[Stored entries]
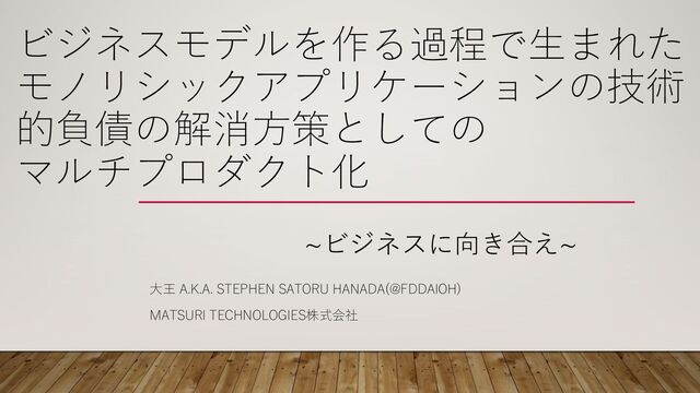 ビジネスモデルを作る過程で⽣まれた モノリシックアプリケーションの技術 的負債の解消⽅策としての マルチプロダクト化 ⼤王 A.K.A. STEPHEN SATORU HANADA(@FDDAIOH) MATSURI
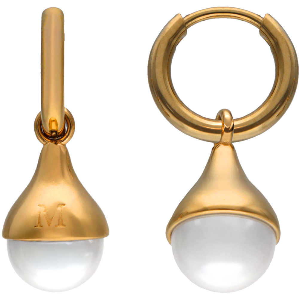 26 cm naušnice u obliku obruča pozlaćene s privjeskom u obliku kapi i jednom okruglom bijelom perlom promjera 8 mm
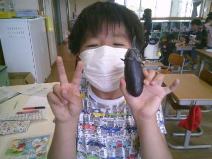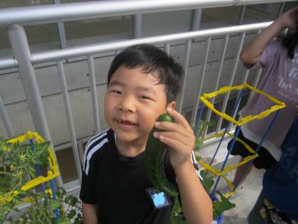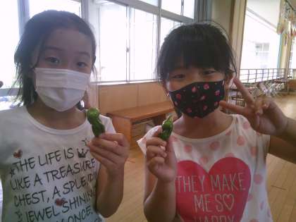 一足先に収穫しました。大きな実がなってとてもうれしそうな子供たちです。
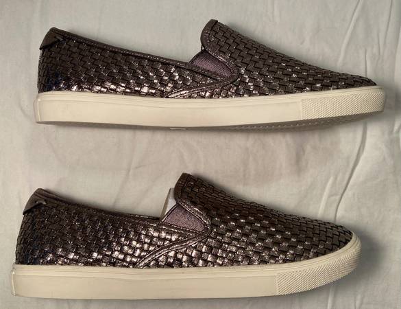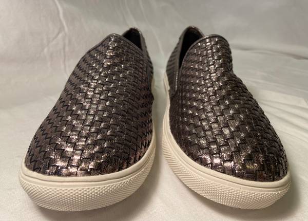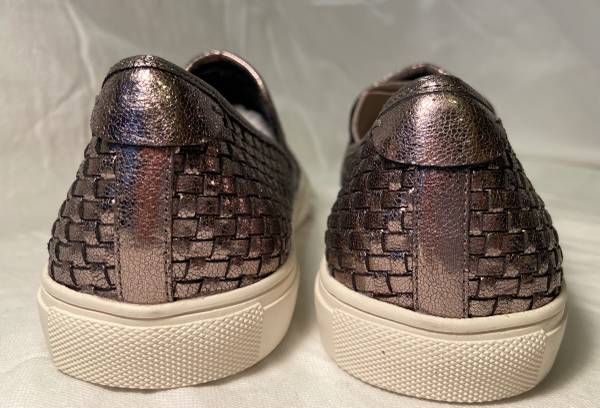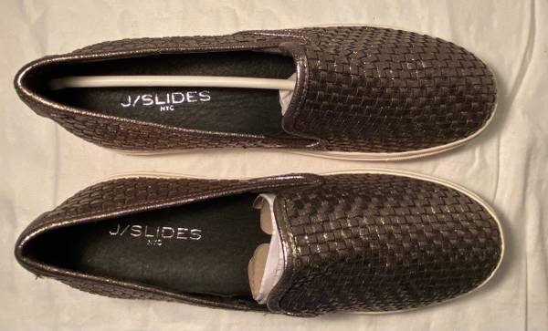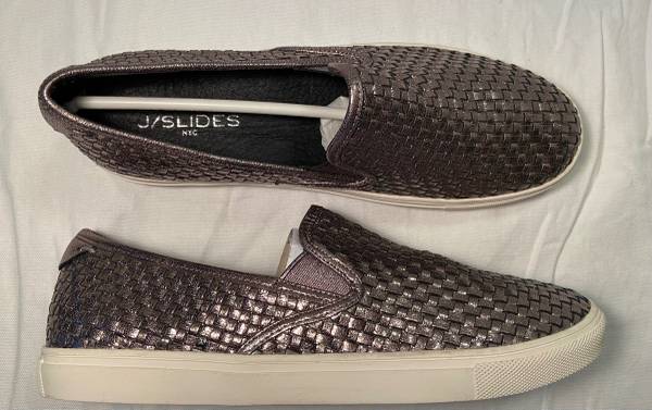 The NEW J/SLIDES Bronze Mesh Woven Shoes are a stylish and versatile option for casual or elegant occasions. Featuring a round toe shape, slip-on closure, low heel, and metallic leather weave accents, these loafers offer comfort and a touch of sophistication. The bronze color and woven pattern add a trendy twist to the classic sneaker style, making them perfect for year-round wear. Made with leather upper and lining materials, these shoes are durable and comfortable for walking or everyday wear. Add a chic and easy-to-wear option to your footwear collection with these J/Slides loafers.
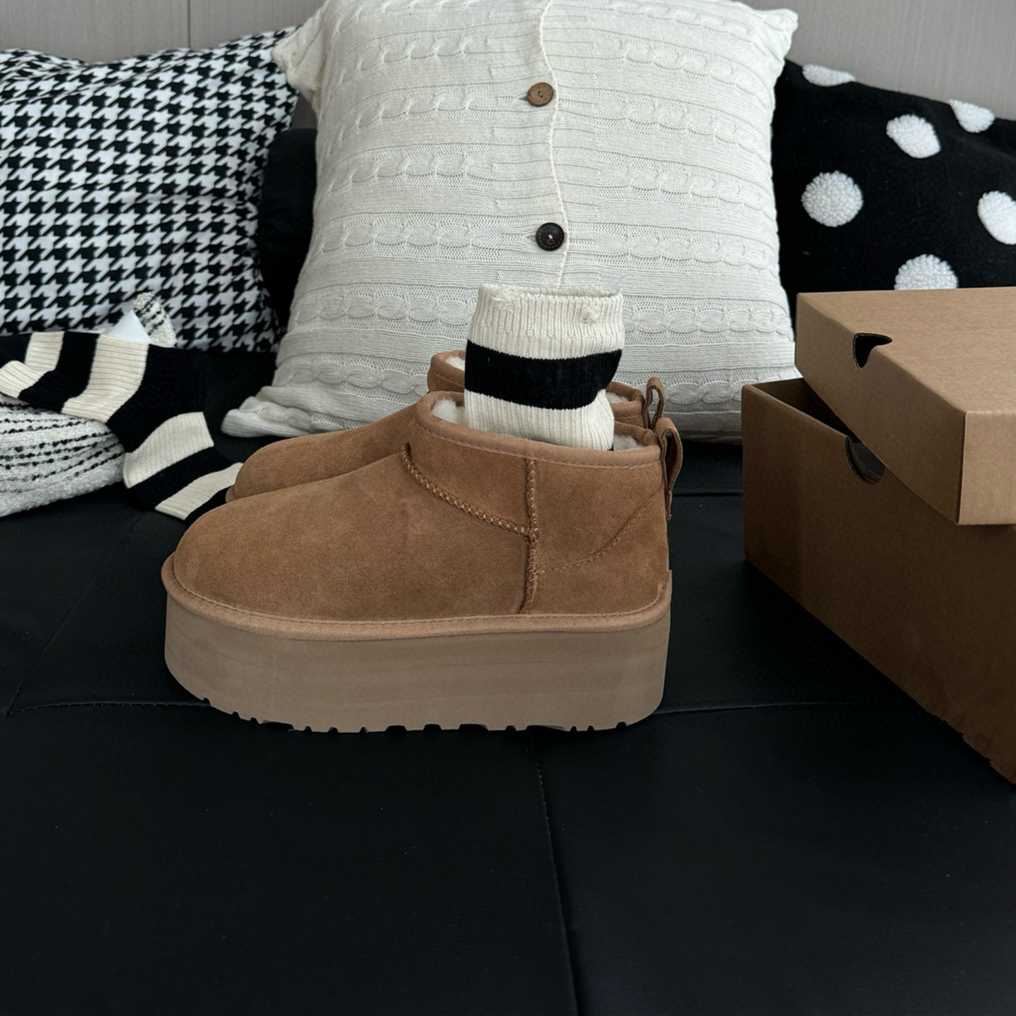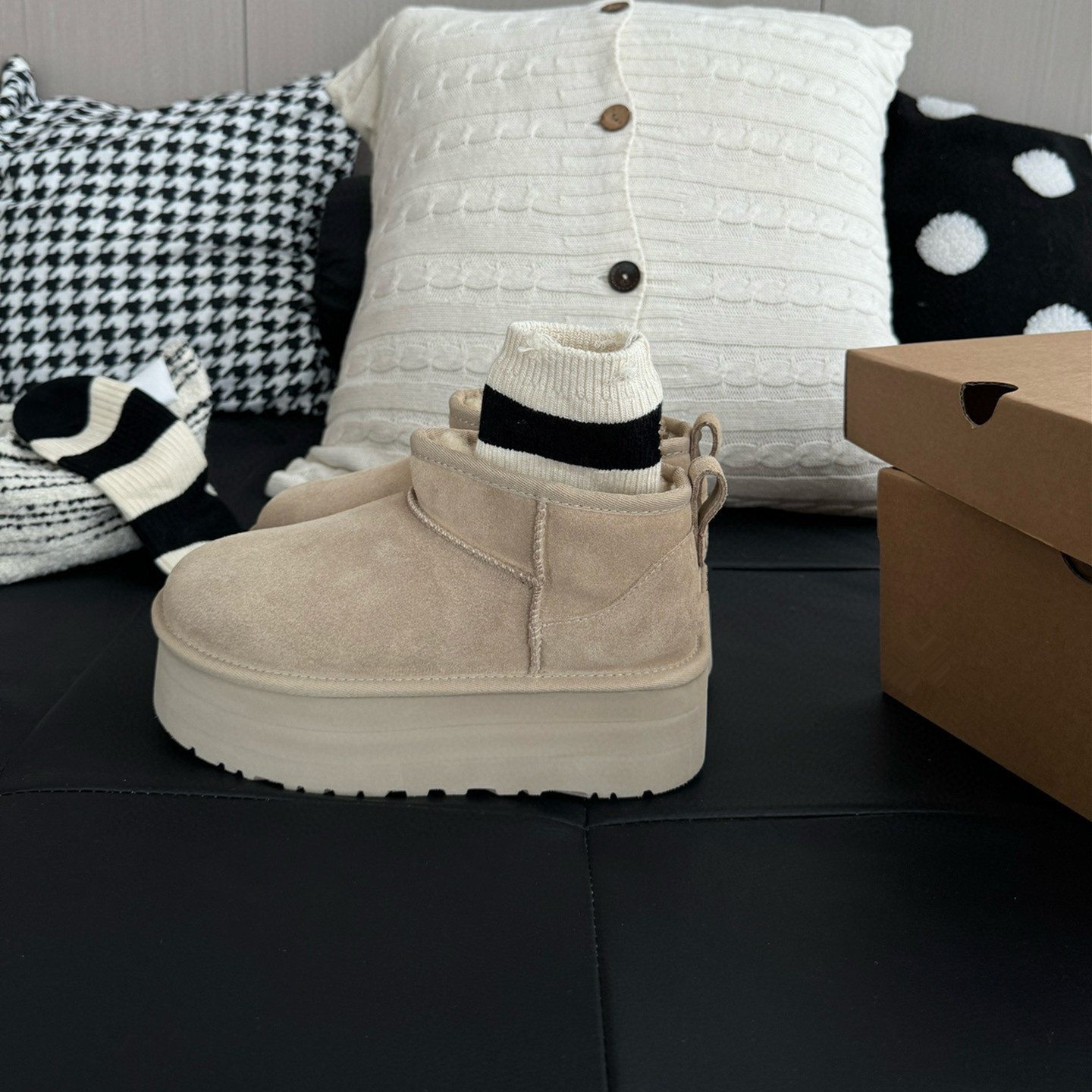 桑坡厚底雪地靴羊皮毛一体女25新款冬mini短筒周冬雨同款EASΕUGG
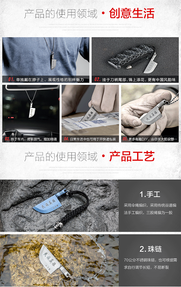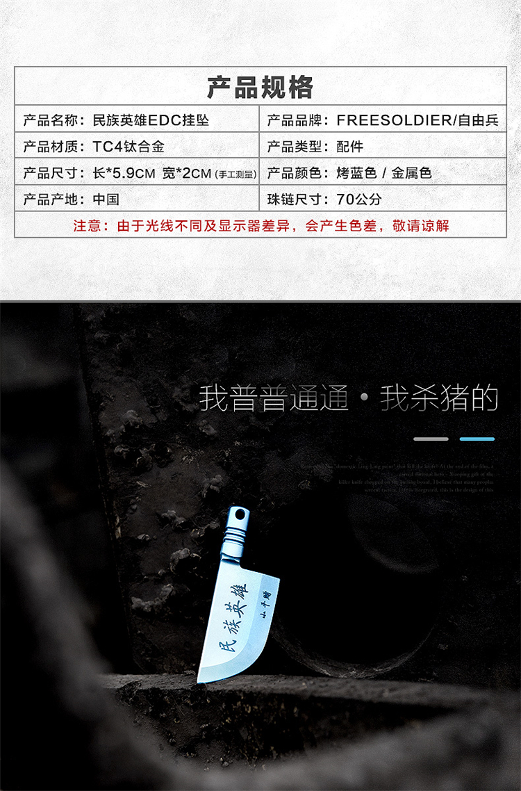 自由兵民族英雄edc刀迷你軍迷鈦合金多功能項鏈車載擺件收藏把玩1入
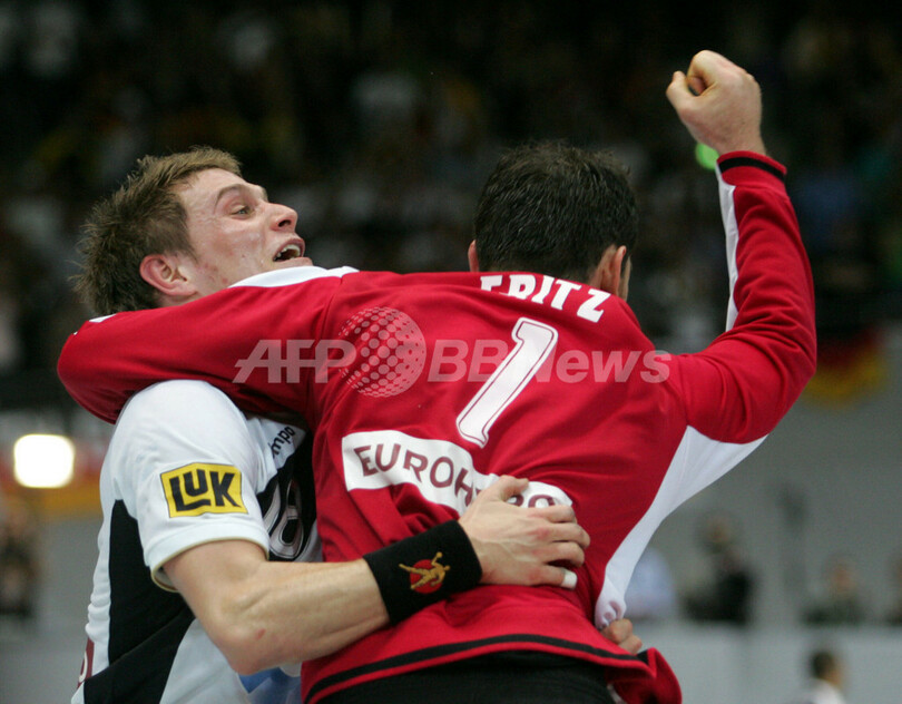 【ドルトムント/ドイツ 27日 AFP】ハンドボール、男子ハンドボール世界選手権2007(Men’s Handball World Championship)、決勝ラウンド・グループ1、ドイツvsフランス。試合はドイツが29-26でフランスを降し、決勝ラウンド・グループ1で3連勝を飾りグループ1位に浮上した。写真はフランスを破り歓喜するドイツの選手達。(c)AFP/PATRIK STOLLARZ
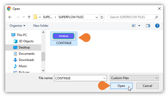 - Click Open to upload the file.
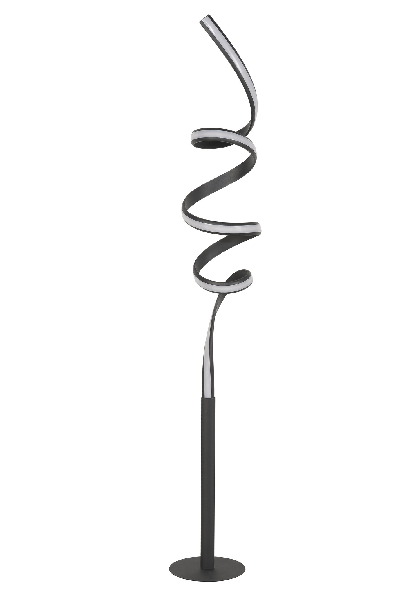 This modern Arte floor lamp features a straight tube with a swirling LED at the top. It's 158 cm high and dimmable with a built-in dimmer.
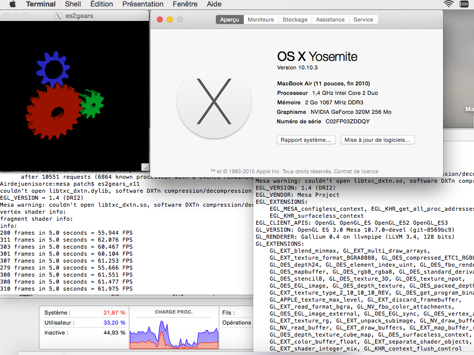 Created attachment 116583 [details] es2gears_x11 and es2_info with llvmpipe on osx Running gears with egl/gles2/x11 with llvmpipe software driver on osx.
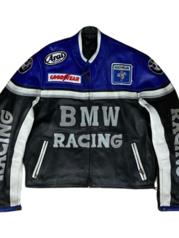 RARE BMW LEATHER JACKET RACING BIG LOGO VINTAGE
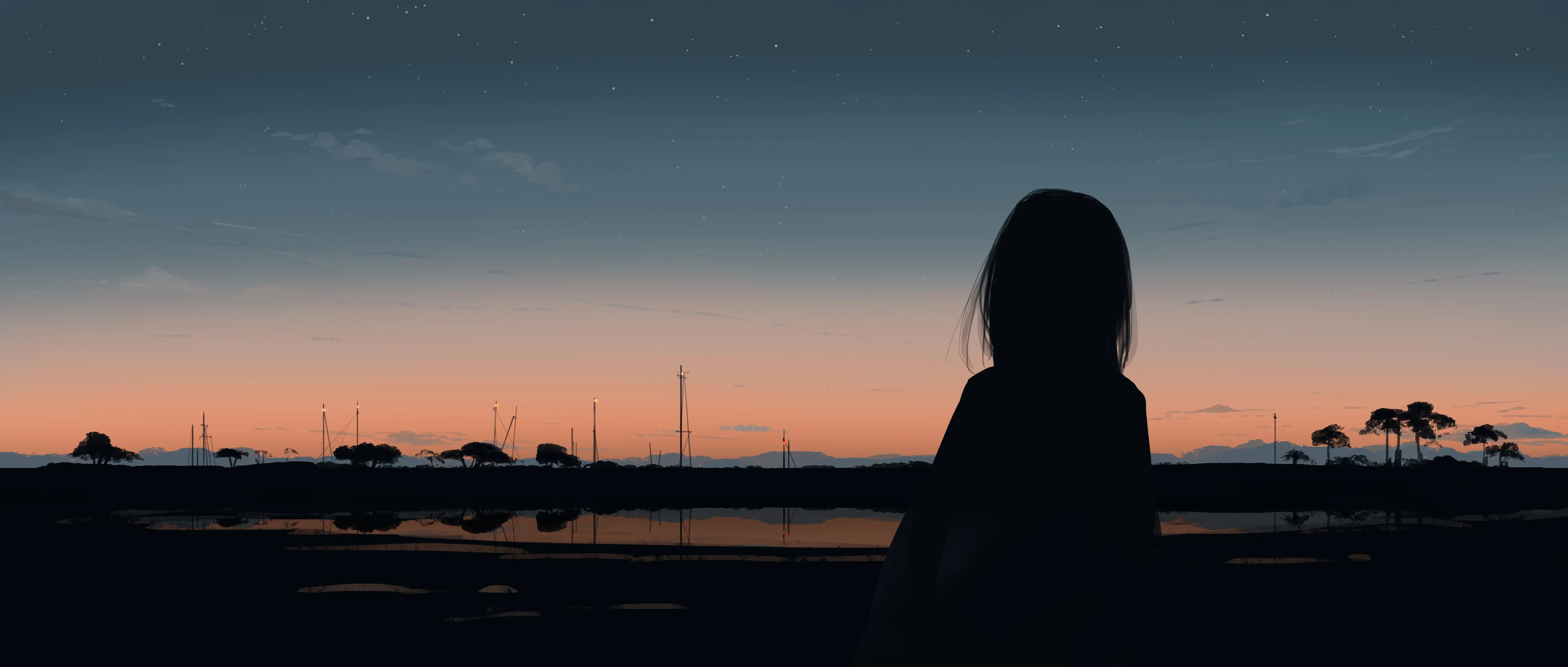 Elegant Illustration Sunset Stars Ultra-Wide Landscape Silhouette 4K Wallpaper
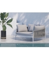 Καλύμματα μαξιλαριών: OLEFIN υδατοαπωθητικό (πολυεστερικό) ύφασμα ειδικό για εξωτερική χρήση (με φερμουάρ για εύκολη αφαίρεση) ΥΛΙΚΑ ΚΑΤΑΣΚΕΥΗΣ: Ο σκελετός είναι από αλουμίνιο βαμμένο με ηλεκτροστατική βαφή. Το αλουμίνιο είναι ένα «πράσινο» υλικό το οποίο μπορεί να ανακυκλωθεί απεριόριστα, διατηρώντας τα χαρακτηριστικά του χωρίς καμία ποιοτική υποβάθμιση. Από την φύση του το αλουμίνιο είναι ανθεκτικό στην διάβρωση. Η ίνα olefin είναι μια συνθετική ίνα κατασκευασμένη από διάφορα πλαστικά υλικά. Το ύφασμα που είναι κατασκευασμένο από αυτή την ίνα είναι ισχυρό, δεν ξεβάφει, και είναι ανθεκτικό στην μούχλα, την τριβή και το ηλιακό φως, επειδή διαθέτει προστασία από την υπεριώδη ακτινοβολία που προστίθεται στη διαδικασία κατασκευής. Τα πιο σημαντικά χαρακτηριστικά, ωστόσο, είναι ότι είναι αδιάβροχο και ανθεκτικό στους λεκέδες (αλέκιαστο).
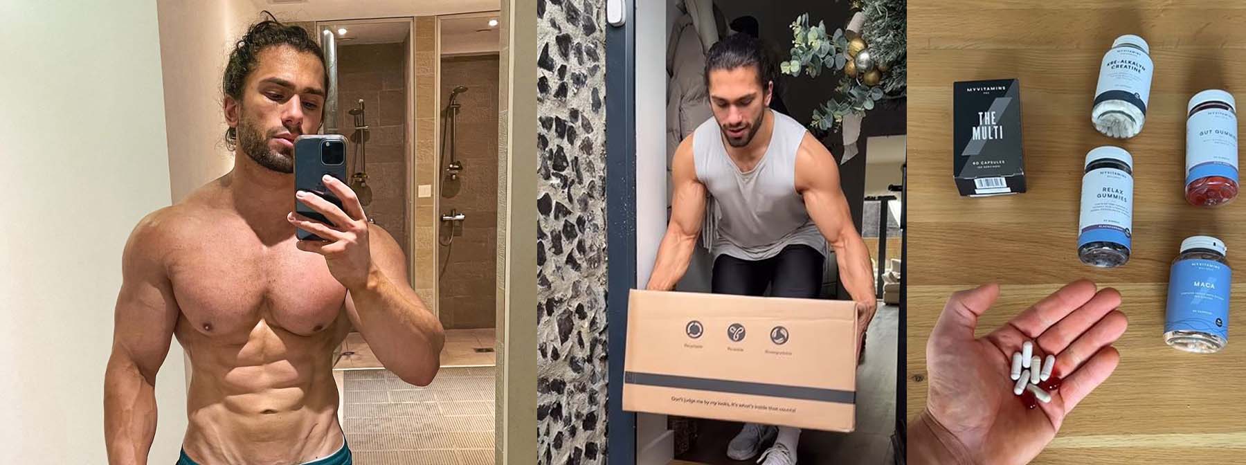 In einem seiner Instagram-Posts zeigte uns Marino, welche Supplemente er bei Myprotein bestellt hat. Und Marino ist niemand, der sich zurückhält – er holt sich all die guten Sachen, darunter:

*Problem to solve*: Keep every word of the lines above unchanged in the copy, and omit the pictures.

*Worked solution*:
 ビジネスモデルを作る過程で⽣まれた モノリシックアプリケーションの技術 的負債の解消⽅策としての マルチプロダクト化 ⼤王 A.K.A. STEPHEN SATORU HANADA(@FDDAIOH) MATSURI
 26 cm naušnice u obliku obruča pozlaćene s privjeskom u obliku kapi i jednom okruglom bijelom perlom promjera 8 mm
 一足先に収穫しました。大きな実がなってとてもうれしそうな子供たちです。
 The NEW J/SLIDES Bronze Mesh Woven Shoes are a stylish and versatile option for casual or elegant occasions. Featuring a round toe shape, slip-on closure, low heel, and metallic leather weave accents, these loafers offer comfort and a touch of sophistication. The bronze color and woven pattern add a trendy twist to the classic sneaker style, making them perfect for year-round wear. Made with leather upper and lining materials, these shoes are durable and comfortable for walking or everyday wear. Add a chic and easy-to-wear option to your footwear collection with these J/Slides loafers.
 桑坡厚底雪地靴羊皮毛一体女25新款冬mini短筒周冬雨同款EASΕUGG
 自由兵民族英雄edc刀迷你軍迷鈦合金多功能項鏈車載擺件收藏把玩1入
 【ドルトムント/ドイツ 27日 AFP】ハンドボール、男子ハンドボール世界選手権2007(Men’s Handball World Championship)、決勝ラウンド・グループ1、ドイツvsフランス。試合はドイツが29-26でフランスを降し、決勝ラウンド・グループ1で3連勝を飾りグループ1位に浮上した。写真はフランスを破り歓喜するドイツの選手達。(c)AFP/PATRIK STOLLARZ
 - Click Open to upload the file.
 This modern Arte floor lamp features a straight tube with a swirling LED at the top. It's 158 cm high and dimmable with a built-in dimmer.
 Created attachment 116583 [details] es2gears_x11 and es2_info with llvmpipe on osx Running gears with egl/gles2/x11 with llvmpipe software driver on osx.
 RARE BMW LEATHER JACKET RACING BIG LOGO VINTAGE
 Elegant Illustration Sunset Stars Ultra-Wide Landscape Silhouette 4K Wallpaper
 Καλύμματα μαξιλαριών: OLEFIN υδατοαπωθητικό (πολυεστερικό) ύφασμα ειδικό για εξωτερική χρήση (με φερμουάρ για εύκολη αφαίρεση) ΥΛΙΚΑ ΚΑΤΑΣΚΕΥΗΣ: Ο σκελετός είναι από αλουμίνιο βαμμένο με ηλεκτροστατική βαφή. Το αλουμίνιο είναι ένα «πράσινο» υλικό το οποίο μπορεί να ανακυκλωθεί απεριόριστα, διατηρώντας τα χαρακτηριστικά του χωρίς καμία ποιοτική υποβάθμιση. Από την φύση του το αλουμίνιο είναι ανθεκτικό στην διάβρωση. Η ίνα olefin είναι μια συνθετική ίνα κατασκευασμένη από διάφορα πλαστικά υλικά. Το ύφασμα που είναι κατασκευασμένο από αυτή την ίνα είναι ισχυρό, δεν ξεβάφει, και είναι ανθεκτικό στην μούχλα, την τριβή και το ηλιακό φως, επειδή διαθέτει προστασία από την υπεριώδη ακτινοβολία που προστίθεται στη διαδικασία κατασκευής. Τα πιο σημαντικά χαρακτηριστικά, ωστόσο, είναι ότι είναι αδιάβροχο και ανθεκτικό στους λεκέδες (αλέκιαστο).
 In einem seiner Instagram-Posts zeigte uns Marino, welche Supplemente er bei Myprotein bestellt hat. Und Marino ist niemand, der sich zurückhält – er holt sich all die guten Sachen, darunter:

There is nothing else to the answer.